Background: The pathogenesis of fatty liver is likely to depend on a complex interaction of environmental and genetic factors. We investigated a large-scale analysis of the association between microsomal triglyceride transfer protein (MTTP) and phosphatidylethanolamine N-methyltransferase (PEMT) polymorphism in alcoholic and nonalcoholic fatty liver disease.
Methods: Five hundred and eighty-eight patients who visited the health promotion center were enrolled. To elucidate the possible role of genetic variation affecting triglyceride metabolism in fatty liver disease, the MTTP-I128T and PEMT-V175M polymorphisms were studied.
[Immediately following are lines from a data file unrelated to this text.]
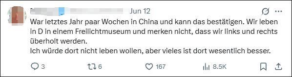 “去年曾在中国小住数周,对此深有体会。我们德国简直像个露天博物馆,浑然不觉正被东西两侧的国家超越。虽然我不会在中国定居,但那里的许多事物确实先进得多。”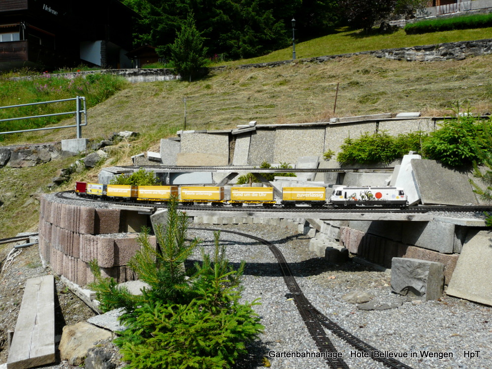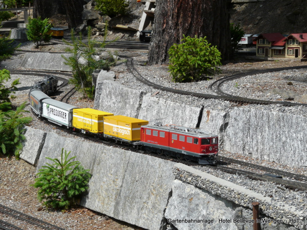 Gartenanlage Hotel Bellevue in Wengen - KISS RhB Ge 6/6 704 mit Güterzug unterwegs am 13.07.2013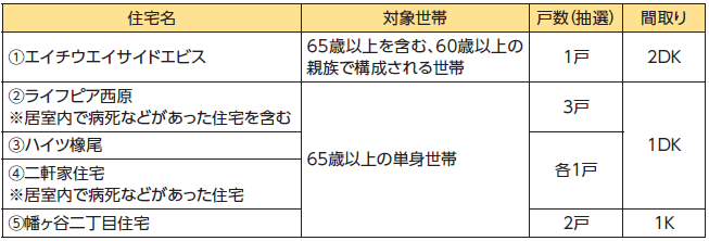 ・家族向け、単身者向け(一般住宅、居室内で病死などがあった住宅)

Results: The I/I genotype and I allele frequency of MTTP polymorphism with alcoholic fatty liver was significantly higher than that of the normal control group (P=0.026 vs. 0.005). Genotype and allele frequency of PEMT, however, did not show a significant difference between control and fatty liver. I/I genotype of MTTP gene frequency in the drinkers with fatty livers was 85.4%, which was significantly higher than that in the drinkers without fatty liver, which was 68.4% (P=0.013). With regard to biochemical indicators, the alanine aminotransferase value of the I/I group was significantly higher than that of the I/T and T/T groups (P=0.04). Asparate aminotransferase, gamma-glutamyl transpeptidase, triglyceride, apolipoprotein B, and glucose concentration tended to be lower in the I/T and T/T groups than in the I/I group, but no statistically significant difference was found.
Conclusion: In this study, MTTP-I128T polymorphism is associated with central obesity, elevated liver enzymes, and alcoholic fatty liver disease.